#### BRIEF
Please output the data exactly, minus pictures.

#### DATA BELOW
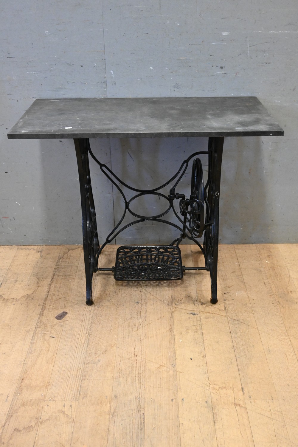 A GRANITE TOP GARDEN TABLE WITH SEWING MACHINE BASE (A/F) (74H X 92W X 46D CM) (PLEASE NOTE THIS HEAVY ITEM MUST BE REMOVED BY CARRIERS AT THE CUSTOMER'S EXPENSE. LEONARD JOEL STAFF CANNOT ASSIST CARRYING THIS ITEM) (X-LARGE ITEM)
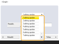 Rodomi adresatai, įregistruoti adresų sąraše, kuriuos pasirinkote atlikdami 6 veiksmą. Šiame sąraše pasirinkite adresatus, kuriuos norite įregistruoti grupėje.
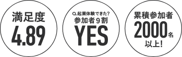 東京・大阪合わせて数千人(2回以上参加された方が2,000名以上)の起業家、起業志望者が参加しています。開催の都度、フィードバック内容や教え方などを試行錯誤しながら短時間で密度の高い講義にできるようブラッシュアップしてきました。

#### EXERCISE OUTPUT
 A GRANITE TOP GARDEN TABLE WITH SEWING MACHINE BASE (A/F) (74H X 92W X 46D CM) (PLEASE NOTE THIS HEAVY ITEM MUST BE REMOVED BY CARRIERS AT THE CUSTOMER'S EXPENSE. LEONARD JOEL STAFF CANNOT ASSIST CARRYING THIS ITEM) (X-LARGE ITEM)
 Rodomi adresatai, įregistruoti adresų sąraše, kuriuos pasirinkote atlikdami 6 veiksmą. Šiame sąraše pasirinkite adresatus, kuriuos norite įregistruoti grupėje.
 東京・大阪合わせて数千人(2回以上参加された方が2,000名以上)の起業家、起業志望者が参加しています。開催の都度、フィードバック内容や教え方などを試行錯誤しながら短時間で密度の高い講義にできるようブラッシュアップしてきました。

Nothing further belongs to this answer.